All heads of major prosecutorial offices have had to manage their relationship with the security system. Daniel Morar tried to keep them at bay, Laura Codruța Kovesi had a close collaboration with SRI until she opened Pandora’s box by starting to investigate the operational funds of the police. In the case of prosecutors Voineag and Florența, the perception is that their relationship with the main intelligence service is extremely close, affecting their professional agenda. This is particularly emphasized in the case of Alex Florența. The judiciary system is abuzz about the case of a criminal from Timiș, in which he exhibited behavior that could be considered a vulnerability for the current Attorney General.

Another significant piece in the power puzzle at the state’s apex is the absence of a civilian SRI director following Eduard Hellvig’s departure in July 2023. There are several valid reasons for President Iohannis to prefer the interim leadership of General Răzvan Ionescu, the SRI’s first deputy. Among them, the short period until a new president comes to appoint a trusted person to the position, or instability at the institution’s top caused by too frequent changes. On the other hand, the interest of society is for the institution – essential in the internal security system – to have effective civilian control. Thus, the disappearance of the civilian director means precisely the disappearance of a control filter.

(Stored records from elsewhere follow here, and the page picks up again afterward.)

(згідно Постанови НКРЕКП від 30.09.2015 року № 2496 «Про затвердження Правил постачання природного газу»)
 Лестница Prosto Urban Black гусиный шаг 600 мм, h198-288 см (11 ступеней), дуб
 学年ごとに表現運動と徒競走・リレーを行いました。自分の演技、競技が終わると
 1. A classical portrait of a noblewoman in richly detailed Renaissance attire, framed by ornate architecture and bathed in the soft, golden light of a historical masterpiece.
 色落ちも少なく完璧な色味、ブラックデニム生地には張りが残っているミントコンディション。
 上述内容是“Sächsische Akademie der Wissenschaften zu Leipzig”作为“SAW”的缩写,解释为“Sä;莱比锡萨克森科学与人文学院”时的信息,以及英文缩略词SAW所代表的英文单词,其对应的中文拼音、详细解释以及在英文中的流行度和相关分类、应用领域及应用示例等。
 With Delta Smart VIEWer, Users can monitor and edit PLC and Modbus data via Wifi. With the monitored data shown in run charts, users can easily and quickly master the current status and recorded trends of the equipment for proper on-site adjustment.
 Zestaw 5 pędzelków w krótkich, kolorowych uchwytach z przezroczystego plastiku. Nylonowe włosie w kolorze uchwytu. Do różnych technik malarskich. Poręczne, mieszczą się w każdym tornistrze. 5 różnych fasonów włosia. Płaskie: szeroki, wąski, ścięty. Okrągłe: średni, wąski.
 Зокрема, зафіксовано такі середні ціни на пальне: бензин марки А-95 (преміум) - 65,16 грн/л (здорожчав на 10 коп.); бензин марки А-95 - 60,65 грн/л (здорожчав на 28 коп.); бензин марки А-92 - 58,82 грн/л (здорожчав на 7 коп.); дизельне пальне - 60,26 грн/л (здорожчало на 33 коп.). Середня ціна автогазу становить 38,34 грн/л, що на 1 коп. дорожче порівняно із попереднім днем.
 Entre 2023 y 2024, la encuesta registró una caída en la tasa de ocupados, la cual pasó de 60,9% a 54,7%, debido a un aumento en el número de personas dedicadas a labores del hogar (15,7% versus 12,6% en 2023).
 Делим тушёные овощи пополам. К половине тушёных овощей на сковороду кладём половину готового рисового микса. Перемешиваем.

„SRI is led by the first deputy, General Ionescu, and I believe he is managing SRI very well (…) My assessment is that SRI is functioning flawlessly. So, from this point of view, nobody needs to worry,” said the president on February 1. It’s unclear how the president made this assessment and in what sense SRI is functioning flawlessly, as civil society can no longer ask anyone about this issue.

All these events occur against a backdrop of real tension: the pandemic and the war in Ukraine have led to an increase in the power of military structures. The vaccination campaign, which the militarized systems had preferential and secretive access to, and the secrecy around the aid given to Ukraine have fueled the perception that those wearing epaulettes play an oversized role in the Romanian state.

Let’s be clear: military institutions – services, army, police – play an essential role in the Romanian state, especially in the regional security context. They need tools like national security warrants (NSW), just as it’s normal for prosecutorial offices to be able to use relevant information gathered by services through NSWs. However, for a nascent democracy like Romania’s, two things are clear: effective civilian control over military structures and the guarantee that information gathered by them is not used in political games. Otherwise, we’re not talking about a democracy but a militocracy.